When Walt and Jesse talk on the phone, this is when I really feel Walt has turned a bit of a corner. He doesn’t seem to care about Jesse’s situation at all. He’s the one that told Jesse to leave town (in Episode 201) to avoid Tuco, and that’s why Jesse grabbed the money and put it in the car, which would’ve worked fine if Tuco hadn’t usurped him. And they just went through this horrible ordeal together. It seems like Walt should be a little more understanding that Jesse got the money taken away. He couldn’t claim it from the DEA without blowing his cover. But Walt is really callous towards him.
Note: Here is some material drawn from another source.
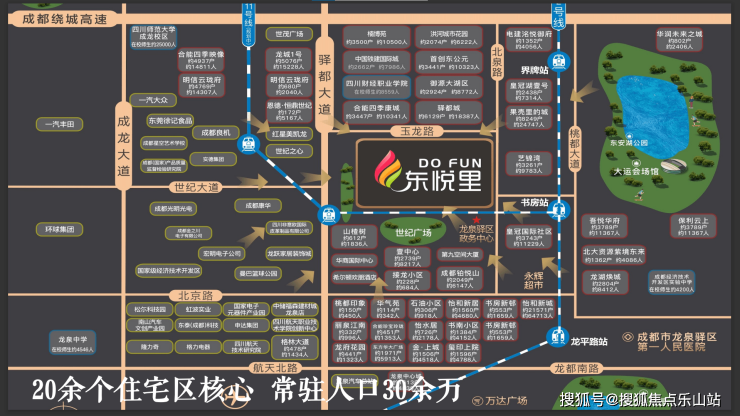 5KM内有20多个入住5年以上成熟社区;2)14所高校,23万师生;3)东安生态旅游圈,吸附来自世界各地的游客(约5200亩东安湖+东安阁+大剧院+艺术中心等,未来城东文化旅游网红打卡地虹吸全城人潮);4)CAZ高端居住区(包含约120多个大型社区10个百亩大盘约34万高净值客户群体);

And he insists that they start cooking again. To be fair though, maybe Walt’s just thinking immediacy. He’s dying of cancer, he has to get to his goal amount of $737,000. If he gives any of his money to Jesse, well, then he’ll need more than eleven more drug deals to get to that goal, and there’s no distributor…so maybe he’s just looking out for himself and his family and figuring Jesse will be fine. But will he? I don’t know, I do think Walt is just a bit cold in this conversation.
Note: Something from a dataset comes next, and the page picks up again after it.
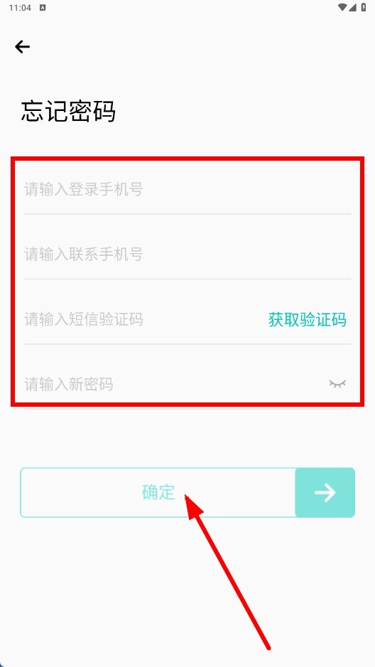 在忘记密码页面依次填写手机号、联系手机号、验证码和新密码,随后点击【确定】功能按钮,即可完成密码重置操作。
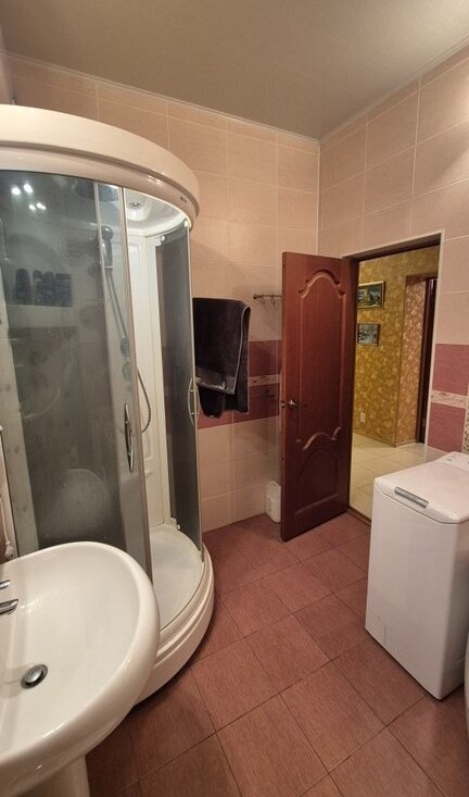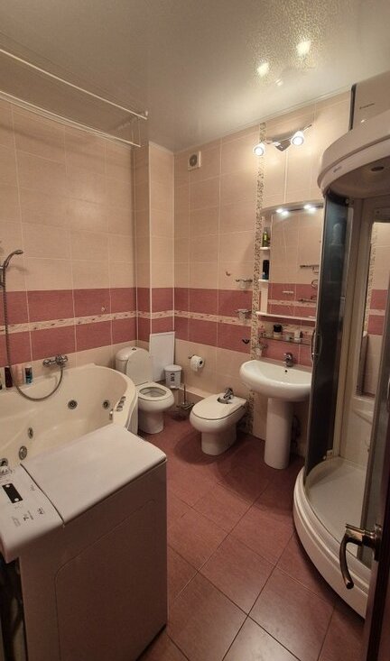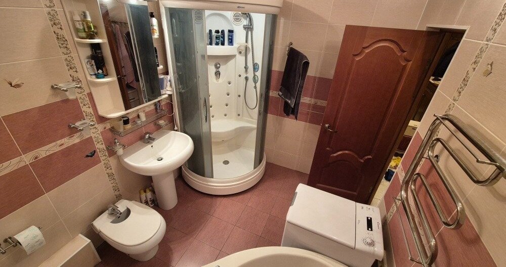 • Большая ванная комната площадью 6,8 кв. м. с душевой кабиной и ванной.

The whole sequence where Walt takes the bus back home is really poignant. It’s already been said by many others that when he’s in the nursery, hiding behind the door after he’s put the gun and his drug money back into the vent, watching Skyler and Walt Jr interact, he’s getting a glimpse of what their lives will be like after he dies. The whole sequence is haunting, from the darkness of the house, the sound of the crickets, when he creeps in through a curtain of periwinkle blue, his watching them (and is Jr really eating cornflakes for a midnight snack? No end to the breakfast food with that boy), the bus rides, to the ending closeup of Walt re-inserting his own IV into his hand. This whole part is in silence except for Walt Jr and Skyler talking to each other, and yet it’s so powerful. Love how BrBa has its special ratio of action and description to dialogue, it’s particular enantiomeric excess you might call it, always letting the story be told visually wherever it can, not relying on dialogue for everything, using spoken words sparingly sometimes.
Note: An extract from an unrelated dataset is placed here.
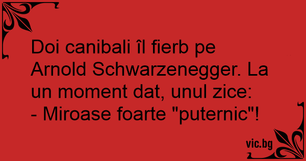 Doi canibali îl fierb pe Arnold Schwarzenegger. La un moment dat, unul zice:

When Walt’s family comes in, he’s back to playing his role, to not exactly lying but acting, talking up how the balloons brighten the room, then later, how good it is to be home. These things could be true, but he’s trying a bit hard, to be normal. And then of course he tries to be funny by taking off all his clothes and asking if Skyler if she needs anything from the drugstore. But now that they’re alone, she just asks about his second cell phone. He lies. She turns the light off first, and Walt looks especially alone then, even though he’s in bed with his wife, with his light on and hers out. It just lasts for a few beats, but there’s something symbolic about it. This is the season where Walt really starts to put distance between himself and his family, even though that’s not quite purposeful on his part, more an unintended consequence of becoming a secretive, lying, criminal, drug cook.